RECORDS SUPPLIED section start
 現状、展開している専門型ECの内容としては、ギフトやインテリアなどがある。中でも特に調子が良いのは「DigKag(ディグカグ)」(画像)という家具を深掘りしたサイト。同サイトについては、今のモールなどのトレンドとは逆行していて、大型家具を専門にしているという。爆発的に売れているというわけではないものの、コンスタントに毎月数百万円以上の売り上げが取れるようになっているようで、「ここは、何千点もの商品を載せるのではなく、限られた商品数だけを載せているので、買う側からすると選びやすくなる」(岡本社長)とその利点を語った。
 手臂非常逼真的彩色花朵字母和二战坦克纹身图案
RECORDS SUPPLIED section end
RECORDS SUPPLIED section start
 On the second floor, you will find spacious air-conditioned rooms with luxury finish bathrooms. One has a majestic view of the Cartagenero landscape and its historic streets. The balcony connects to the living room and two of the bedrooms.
RECORDS SUPPLIED section end
RECORDS SUPPLIED section start
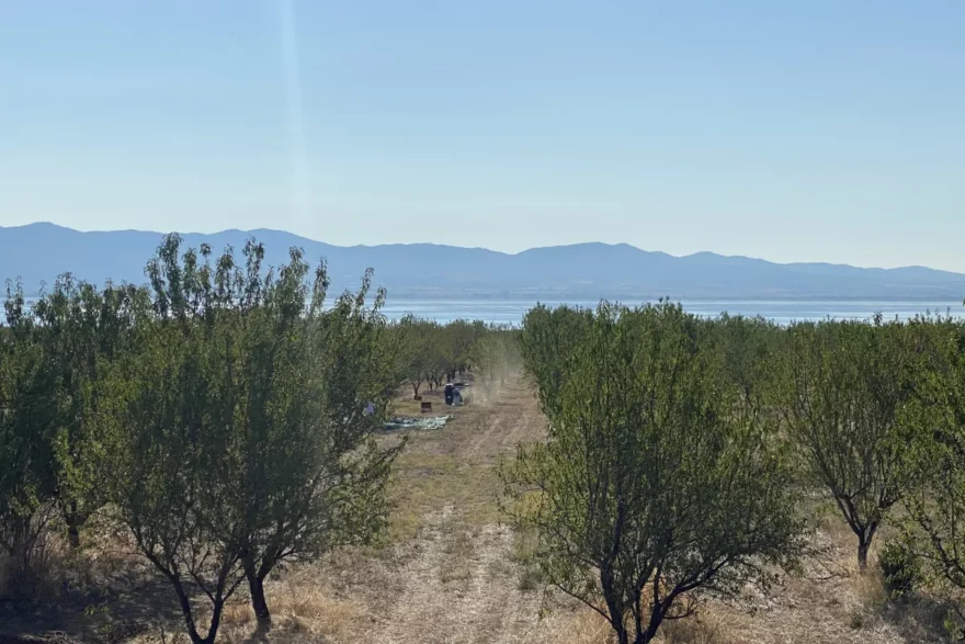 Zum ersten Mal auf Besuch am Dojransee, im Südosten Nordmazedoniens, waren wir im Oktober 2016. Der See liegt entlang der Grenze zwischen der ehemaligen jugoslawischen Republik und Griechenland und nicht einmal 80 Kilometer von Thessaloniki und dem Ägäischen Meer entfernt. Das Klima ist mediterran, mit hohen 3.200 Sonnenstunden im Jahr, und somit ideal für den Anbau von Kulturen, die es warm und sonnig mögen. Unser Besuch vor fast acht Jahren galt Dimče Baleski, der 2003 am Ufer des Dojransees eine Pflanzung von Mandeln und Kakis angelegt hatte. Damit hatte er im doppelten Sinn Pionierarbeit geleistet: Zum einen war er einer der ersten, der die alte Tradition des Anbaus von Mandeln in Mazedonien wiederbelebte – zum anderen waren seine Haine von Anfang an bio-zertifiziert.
RECORDS SUPPLIED section end
→ **WORK REQUIRED**
Reproduce the lines of the entries above from the one with "現状、展開している専門型EC" to the one with "手臂非常逼真的彩色花朵字母和二战坦克纹身图案", both included, exactly and without any other line.

→ **SOLUTION TO THE EXERCISE**
 現状、展開している専門型ECの内容としては、ギフトやインテリアなどがある。中でも特に調子が良いのは「DigKag(ディグカグ)」(画像)という家具を深掘りしたサイト。同サイトについては、今のモールなどのトレンドとは逆行していて、大型家具を専門にしているという。爆発的に売れているというわけではないものの、コンスタントに毎月数百万円以上の売り上げが取れるようになっているようで、「ここは、何千点もの商品を載せるのではなく、限られた商品数だけを載せているので、買う側からすると選びやすくなる」(岡本社長)とその利点を語った。
 手臂非常逼真的彩色花朵字母和二战坦克纹身图案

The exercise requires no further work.